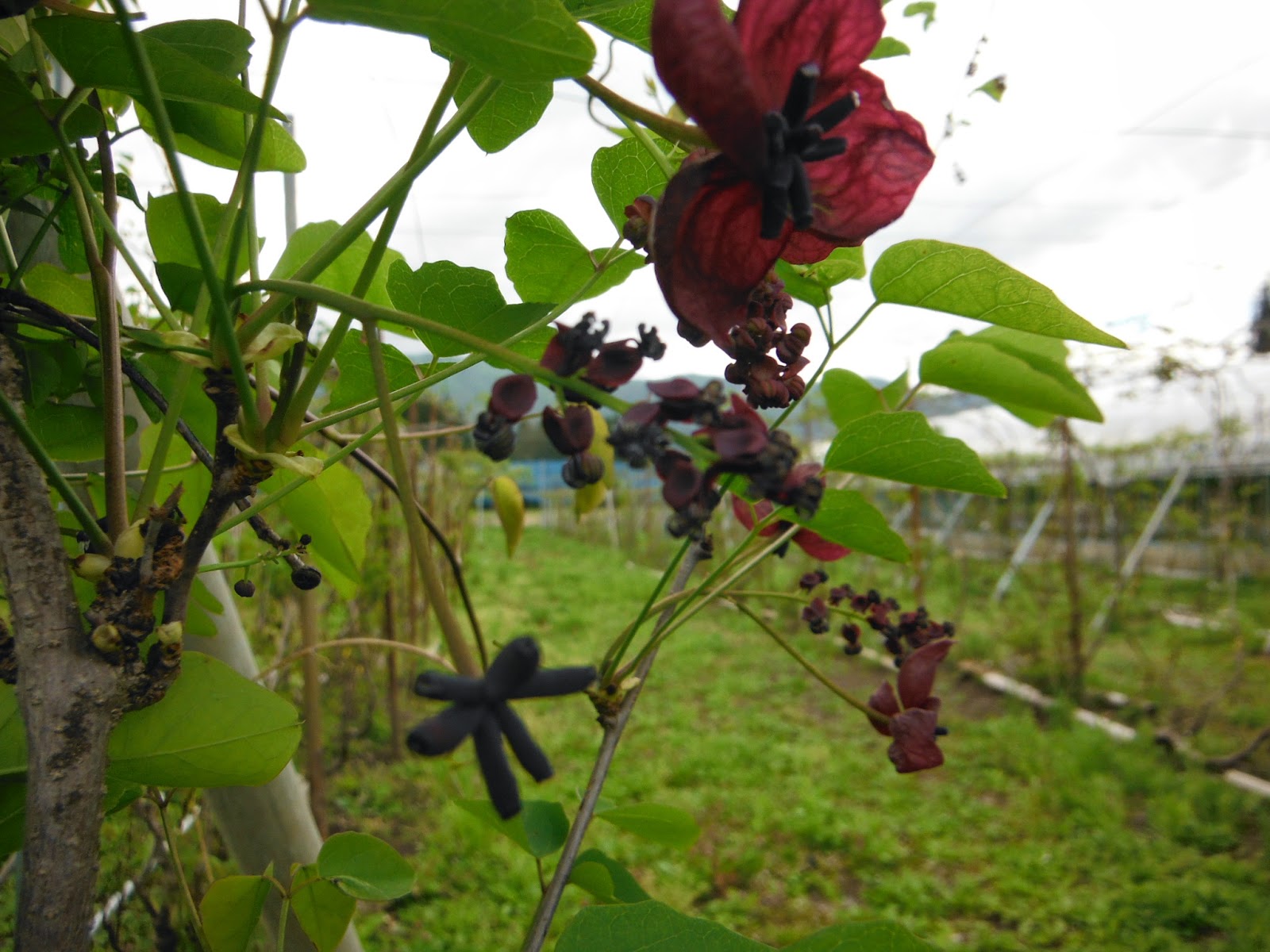 アケビの花も 満開になりました。
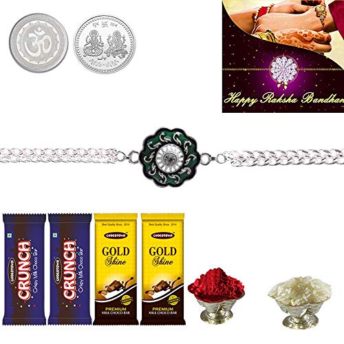 Rakshbandhan Special Rakhi Combo - Designer Rakhi Silver Color / Plated Rakhi (Q1_F56_CG2) Green Round Design Rakhi with Chocotown Crunch(2pc) & Gold Milk Choco Bar(2pc), Roli chawal, Pooja Coin & Greeting card | Rakhi with chocolates | Rakhi gift fo
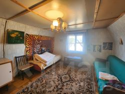 Дом зимний бревенчатый, трехэтажный, утепленный, обшит вагонкой и покрашен; фундамент ленточный, с высоким ж/б цоколем, заглубление на 1,5. м.; крыша ондулин (меняли 5 лет назад); рамы деревянные двойные. В доме удобная планировка: открытое крыльцо; осветленная кухня/веранда 12 кв.м. с выходом на второй этаж; гостиная с установленной кирпичной русской печью и щитом отопления 27 кв.м. На втором этаже: холл с выходом на третий этаж + две спальни 14 кв.м. и 9 кв.м. На третьем этаже большая летняя спальня 21 кв.м. Под всем домом большой подвал.
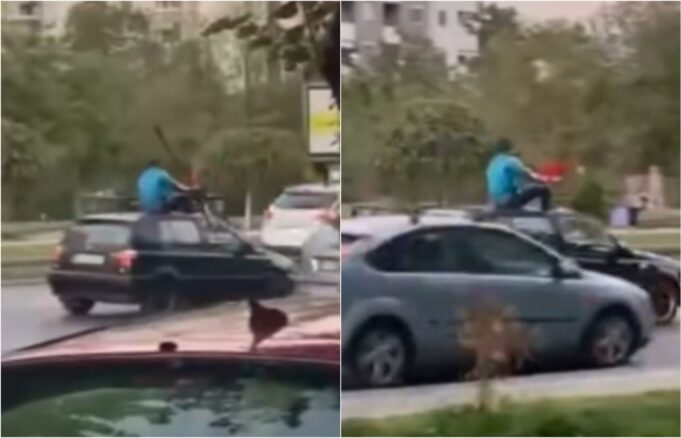 Во врска со објавената снимка на социјалните мрежи на 30.09.2025 година на булеварот „Партизански Одреди“ во Скопје на која гледа како се движи патничко возило „голф“ со скопски регистарски ознаки при што на кровот од возилото се превезува лице кое ја загрозува сопствената безбедност и безбедноста на другите учесници во сообраќајот, од страна на полициски службеници од СВР Скопје пронајдено е возилото, лицето кое го управувало С.Ф. и лицето кое се превезува на кровот од возилото А.И., извести МВР.
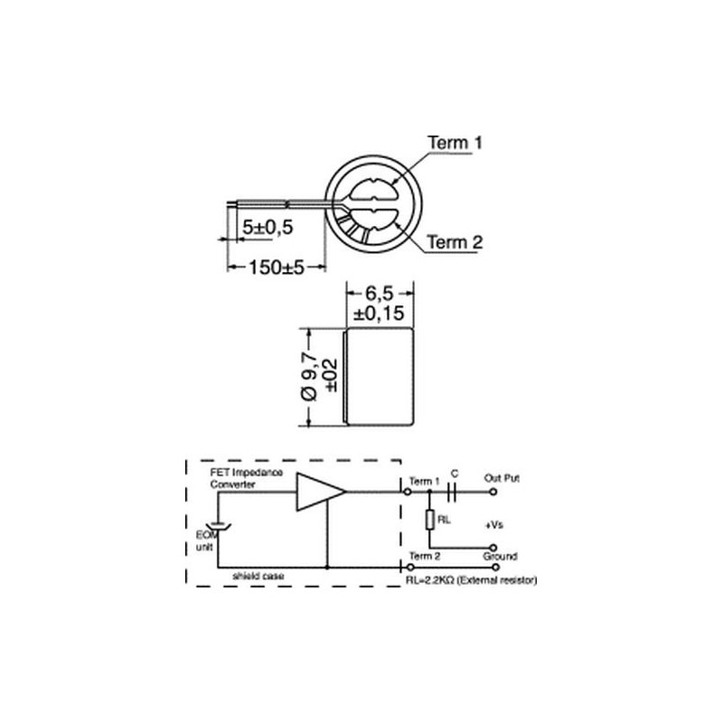 CAPSULA MICROFONICA 9,7x6,5MM 20-16Khz CON 2 FILI
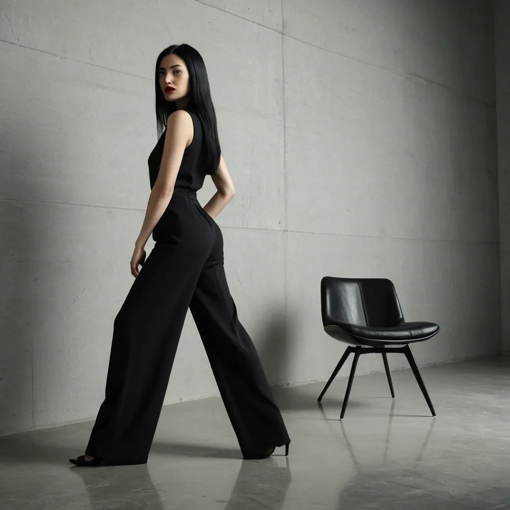 Full-body studio portrait of a woman with long , straight black hair and bold red lipstick , posing elegantly in a sophisticated black sleeveless jumpsuit with wide-leg trousers. She is seen from a low-angle perspective , standing with one foot on the floor and her other knee resting on a modern black Eames-style chair with wooden legs. She is wearing classic black high-heeled pumps. Her body is angled away from the camera while she looks back over her shoulder with a confident , serene expression. The background is a textured , minimalist concrete wall in a neutral grey tone , with soft directional studio lighting creating subtle shadows and highlights on the fabric. High-fashion photography style , sharp details , cinematic composition. ,

____

- **EXERCISE**:
Please output the lines above beginning at the line with "Во врска со" and ending after the line with "CAPSULA MICROFONICA 9,7x6,5MM", precisely as written and with no pictures.

- **THE COMPLETED TASK**:
 Во врска со објавената снимка на социјалните мрежи на 30.09.2025 година на булеварот „Партизански Одреди“ во Скопје на која гледа како се движи патничко возило „голф“ со скопски регистарски ознаки при што на кровот од возилото се превезува лице кое ја загрозува сопствената безбедност и безбедноста на другите учесници во сообраќајот, од страна на полициски службеници од СВР Скопје пронајдено е возилото, лицето кое го управувало С.Ф. и лицето кое се превезува на кровот од возилото А.И., извести МВР.
 CAPSULA MICROFONICA 9,7x6,5MM 20-16Khz CON 2 FILI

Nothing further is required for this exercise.